_Information supplied:_
[Start of Attachment]

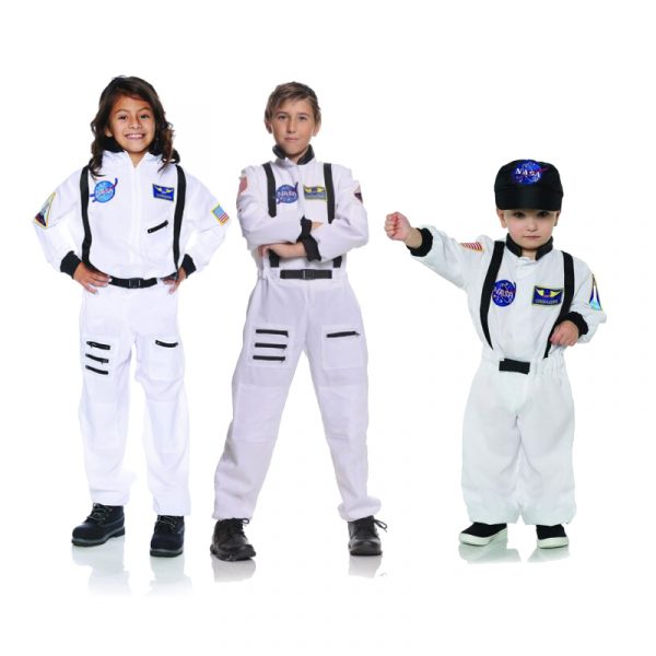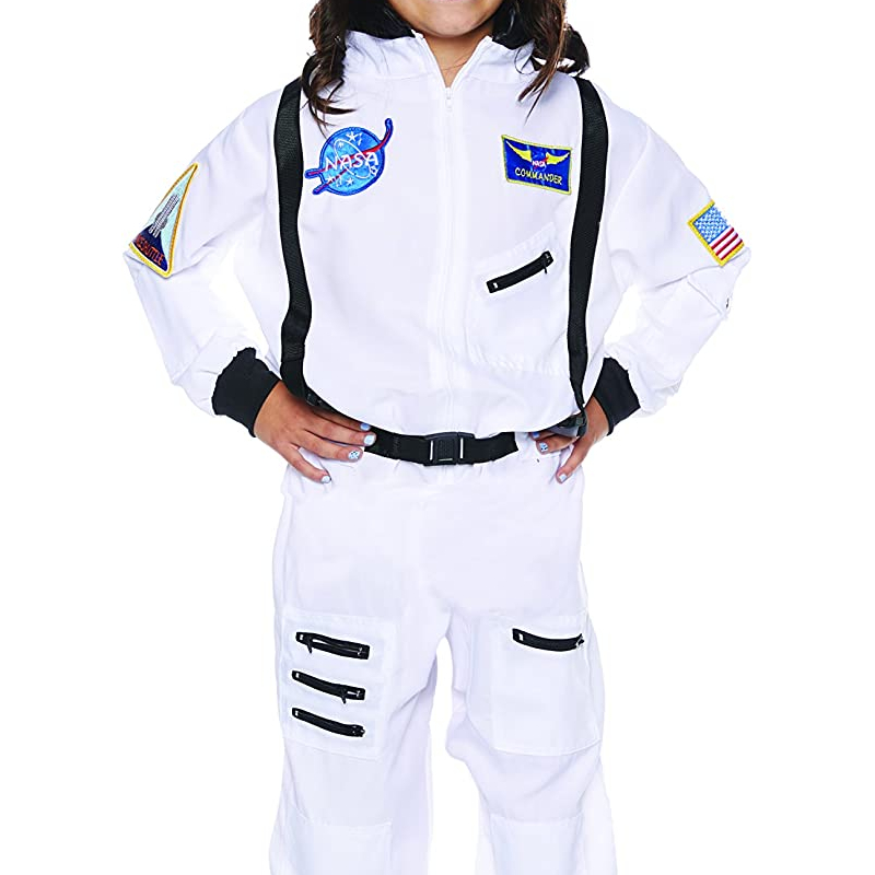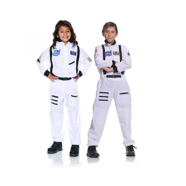 White Astronaut Costume for Kids is a very good looking Jumpsuit. Wear this for Halloween or dress up for school projects. This costume is for children. It has embroidered patches on it that say NASA and NASA Commander. There is a patch on the sleeve that says “SPACE SHUTTLE” and an American Flag Patch on the other sleeve. The black zippers and a belt are good accents for the costume.
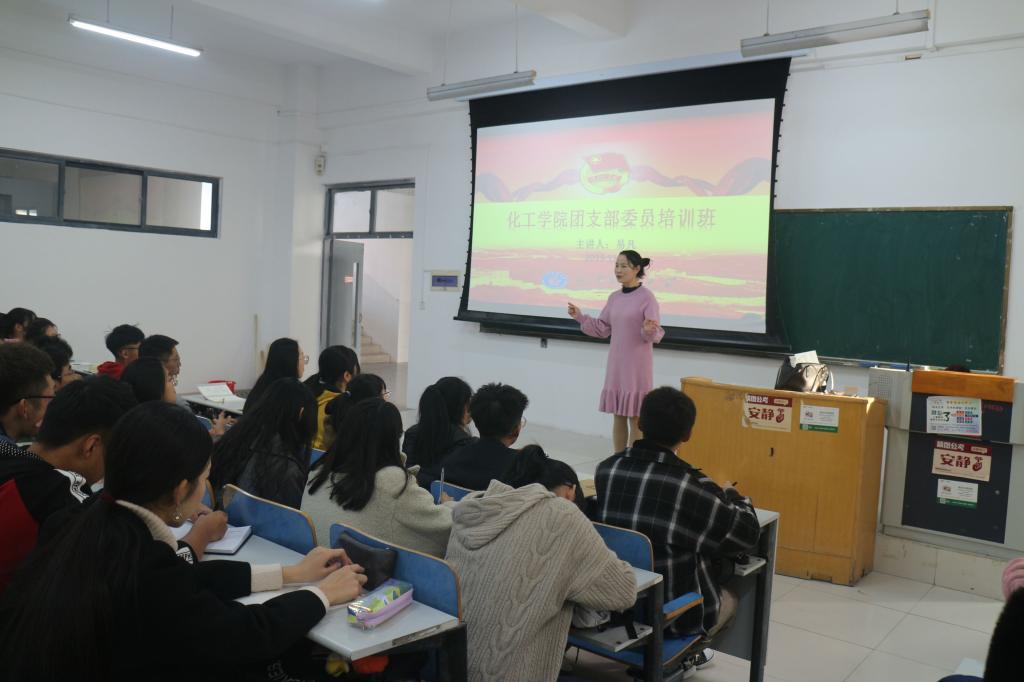 简短的开班仪式之后,易凡老师首先开讲,她说,支部委员要有坚定的政治立场和牢固的责任意识,正确把握工作方向,认真落实工作任务,凡事尽职尽责尽心,才能将工作做实做细做好。许婷婷老师以“服务他人,成就自己”为题,分享了自己在大学阶段担任团支书的经历,并就遇到的问题以及工作的收获,鼓励大家树立服务意识,发扬奉献精神。诸葛长华老师向同学们深入论述了“勤、谨、和、缓”四个字的意义,引导大家养成良好的工作习惯,不断创新工作方法,做好个人生涯规划。李玲玲老师着重讲述了老员工团员心理问题的现状,并介绍了一些应对方法,对保持团员同学心理健康起到了积极作用。最后,全体团支部委员重温入团誓词,进行宣誓,以提醒大家不忘团员的初心,坚定共产主义信仰,牢记共青团员作为党的后备军这一光荣身份,承担自己应有的责任。
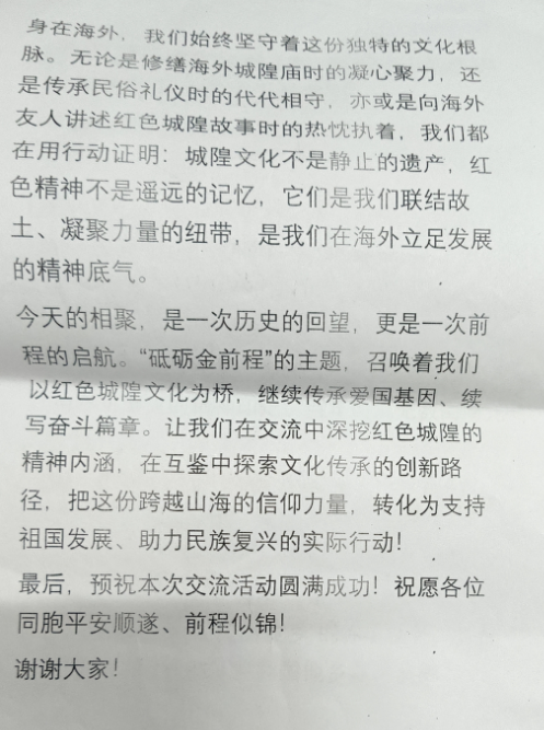 今日相聚,是历史的回望,更是前程的启航。“砥砺前程”的主题,召唤我们以红色城隍文化为桥,继续传承爱国基因、续写奋斗篇章。让我们在交流中深挖红色城隍的精神内涵,在互鉴中探索文化传承的创新路径,将这份跨越山海的信仰力量,转化为支持祖国发展、助力民族复兴的实际行动!

[End of Attachment]

Copy out all of the data word for word. Do not carry over any picture.

_Response to the exercise:_
 White Astronaut Costume for Kids is a very good looking Jumpsuit. Wear this for Halloween or dress up for school projects. This costume is for children. It has embroidered patches on it that say NASA and NASA Commander. There is a patch on the sleeve that says “SPACE SHUTTLE” and an American Flag Patch on the other sleeve. The black zippers and a belt are good accents for the costume.
 简短的开班仪式之后,易凡老师首先开讲,她说,支部委员要有坚定的政治立场和牢固的责任意识,正确把握工作方向,认真落实工作任务,凡事尽职尽责尽心,才能将工作做实做细做好。许婷婷老师以“服务他人,成就自己”为题,分享了自己在大学阶段担任团支书的经历,并就遇到的问题以及工作的收获,鼓励大家树立服务意识,发扬奉献精神。诸葛长华老师向同学们深入论述了“勤、谨、和、缓”四个字的意义,引导大家养成良好的工作习惯,不断创新工作方法,做好个人生涯规划。李玲玲老师着重讲述了老员工团员心理问题的现状,并介绍了一些应对方法,对保持团员同学心理健康起到了积极作用。最后,全体团支部委员重温入团誓词,进行宣誓,以提醒大家不忘团员的初心,坚定共产主义信仰,牢记共青团员作为党的后备军这一光荣身份,承担自己应有的责任。
 今日相聚,是历史的回望,更是前程的启航。“砥砺前程”的主题,召唤我们以红色城隍文化为桥,继续传承爱国基因、续写奋斗篇章。让我们在交流中深挖红色城隍的精神内涵,在互鉴中探索文化传承的创新路径,将这份跨越山海的信仰力量,转化为支持祖国发展、助力民族复兴的实际行动!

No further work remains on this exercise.